Commentaire • 0
Sur la décision
| Référence : | TJ Alès, jcp, 17 déc. 2025, n° 25/00266 |
|---|---|
| Numéro(s) : | 25/00266 |
| Importance : | Inédit |
| Dispositif : | Déboute le ou les demandeurs de l'ensemble de leurs demandes |
| Date de dernière mise à jour : | 1 février 2026 |
| Lire la décision sur le site de la juridiction |
Texte intégral
TRIBUNAL JUDICIAIRE D’ALÈS
République Française
Au nom du Peuple Français
MINUTE N°:
ORDONNANCE DU : 17 Décembre 2025
DOSSIER N° : N° RG 25/00266 – N° Portalis DBXZ-W-B7J-CW2W
ORDONNANCE DE REFERE
JUGE DES CONTENTIEUX ET DE LA PROTECTION
PARTIES :
DEMANDEUR :
Madame [H], [B] représenté par l’Association ATG en qualité du tuteur
[Adresse 2]
[Localité 4]
représentée par Maître Guilhem NOGAREDE de la SELARL GN AVOCATS, avocats au barreau de NIMES, substitué par Me Nathalie LAPLANE, avocat au barreau de NIMES plaidant
DÉFENDEUR :
Madame [T] [Y] [N]
née le 08 Décembre 1973 à [Localité 11]
[Adresse 7]
[Localité 6]
représentée par Me Eve SOULIER, avocat au barreau d’AVIGNON plaidant substituée par Me Jérôme PRIVAT, avocat au barreau de NIMES plaidant
Les débats ont eu lieu en audience publique le 24 Novembre 2025 devant Fabienne HARBON CAMLITI, Vice-présidente assistée de Christine TREBIER, Greffier, qui a ensuite déclaré les débats clos et indiqué que l’ordonnance serait rendue le vingt six Janvier deux mil vingt six par mise à disposition au greffe.
RAPPEL DES FAITS
Par contrat de travail en date du 7 juillet 2023, Madame [T] [Y] [N] a été recrutée en qualité d’aidant familial, pour le compte de Madame [H] [B], placée sous curatelle renforcée depuis le 07 juin 2022.
Le contrat de travail prévoyait que le " salarié sera logé à titre gracieux avec son mari, au domicile de l’employeur durant toute la période de son contrat de travail, et ne sera redevable d’aucune charges financières (eau, électricité, loyer, assurance, impôts divers), en contrepartie il s’engage à effectuer des heures dites de présence responsable où il sera vigilant au besoin de l’employeur (en cas de besoin particulier, il pourra être fait appel au fils de l’employeur (Mr [B] [E]).
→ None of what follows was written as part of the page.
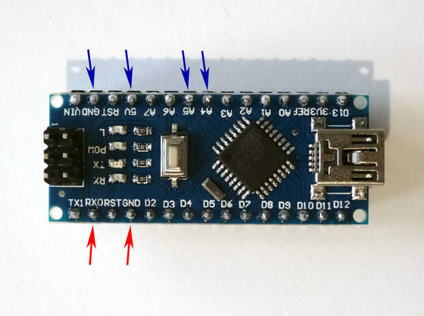 5. Cuadro 3 muestra en rojo donde el sueloy pernos de RX del Arduino Nano (en azul se muestran las conexiones en el paso anterior)

En cas de décès de l’employeur ou de départ définitif, le salarié et son conjoint disposeront d’une période de 6 mois à compter du jour du décès pour quitter le logement de l’employeur, afin de leur permettre de retrouver un logement. Toutefois les charges de fournitures d’eau et d’électricité seront à la charge du salarié à compter de la date de décès.".
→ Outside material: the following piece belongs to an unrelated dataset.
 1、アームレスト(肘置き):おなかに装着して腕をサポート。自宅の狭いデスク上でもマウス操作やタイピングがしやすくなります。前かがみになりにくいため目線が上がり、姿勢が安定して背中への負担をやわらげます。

Le 20 septembre 2023, un avenant au contrat de travail a été signé par Madame [B], assistée d’ATG et Madame [Y] [N] aux termes duquel un avantage en nature a été prévu tel qu’il ressort de l’article 2 de l’avenant qui stipule "conformément aux dispositions de l’article 1496 du code général des impôts, Madame [T] [Y] bénéficie d’un avantage en nature consistant en la mise à disposition d’une partie de l’habitation de Madame [B] affectée à sa jouissance exclusive.
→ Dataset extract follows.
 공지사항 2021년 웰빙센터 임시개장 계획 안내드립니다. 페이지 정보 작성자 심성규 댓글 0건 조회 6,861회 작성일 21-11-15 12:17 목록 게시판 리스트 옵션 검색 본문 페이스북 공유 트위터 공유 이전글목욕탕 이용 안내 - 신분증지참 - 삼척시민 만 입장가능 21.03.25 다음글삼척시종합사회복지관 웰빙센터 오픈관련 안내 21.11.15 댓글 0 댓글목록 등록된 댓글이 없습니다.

Compte-tenu de la superficie de 32m² allouée à la jouissance exclusive et privée de Madame [Y], il conviendra de fixer l’avantage en nature en tenant compte des prix moyens de la commune de [Localité 9] fixé à 11.80 euros /m² en moyenne soit un avantage en nature estimé à 377.60 euros.
La détermination des modalités d’occupation est fixée selon la convention d’occupation annexée au présent contrat de travail. ".
Suite à la dégradation de l’état de santé de Madame [B], un jugement de conversion de curatelle renforcée en tutelle a été prononcé par le juge des contentieux et de la protection en date du 26 avril 2024.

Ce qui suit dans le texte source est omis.